В городе, где испокон веку жили мои прадеды и прапрадеды, где на одном кладбище в пятидесятых годах еще нашла вечный покой одна моя бабушка - по отцу, а в семидесятых на другом, тихом, тенистом погосте схоронили с промежутком в четыре года рядышком бабушку и дедушку - по материнской линии, никого уже из близкой родни не осталось. Дома, в которых прошло детство, были проданы за ненадобностью. Живший в городке дядька и рад был пустить погостить, и не отказал, кстати, да какая же могла быть работа в современной квартире, где в двух комнатах и крохотной кухне размещался он с женой, двумя детьми и вот-вот должно появиться третье. Да, признаться, и не хотелось мне сидеть в стандартной квартире, мало чем отличавшейся от моей собственной (стоило ли за тем ехать за тыщи верст!). Хотелось оказаться поближе к земле, ощутить явственней те таинственные нити, что привязывали меня и тянули к этим местам. Вот и посоветовал дядька, районный врач, мотавшийся с утра и до вечера по окрестным деревням и селам:

- Сходи в Загорки. Там и домов много заколоченных на лето открывают для дачников. И старух одиноких полно...

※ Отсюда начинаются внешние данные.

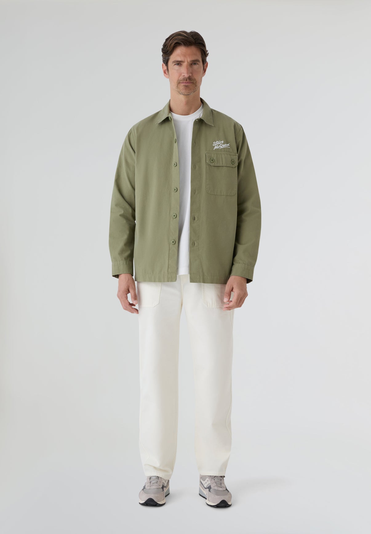 Sobrecamisa Barbour International confeccionada en 100% algodón y lavada a la prenda para un acabado relajado y cómodo. Cuenta con dos bolsillos de parche y un bolsillo en el pecho para un acceso fácil a tus esenciales. Terminada con un bordado contrastado de la firma de Steve McQueen.
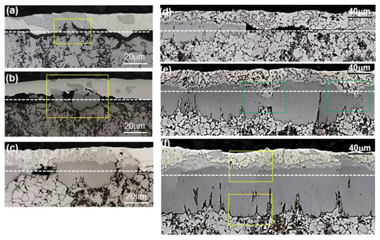Cross-sectional optical microstructure of specimens hot dipped for various dipping times. (a) 30 s; (b) 40 s; (c) 50 s; (d) 90 s; (e) 100 s; (f) 120 s.

Село Загорки, если идти по дороге через сосновый бор, взбиравшийся сначала на крутой холм и сбегавший потом и обрывавшийся у родникового безымянного ручья, от Боровска - километрах в семи, а если краем леса, вдоль светлоструйной речки Протвы и после полевыми тропками напрямки, то и четырех не наберется. Название села объяснять, наверное, не надо. Поросшая бором горушка да поле на увале - отсюда пошло прозванье. За горками лежало сельцо, скрытое от города, который, в свою очередь, получил имя от мощного бора, некогда его окружавшего, а ныне примыкавшего к городским улицам лишь с одной стороны, у нетронутой современными промышленными отходами реки Протвы.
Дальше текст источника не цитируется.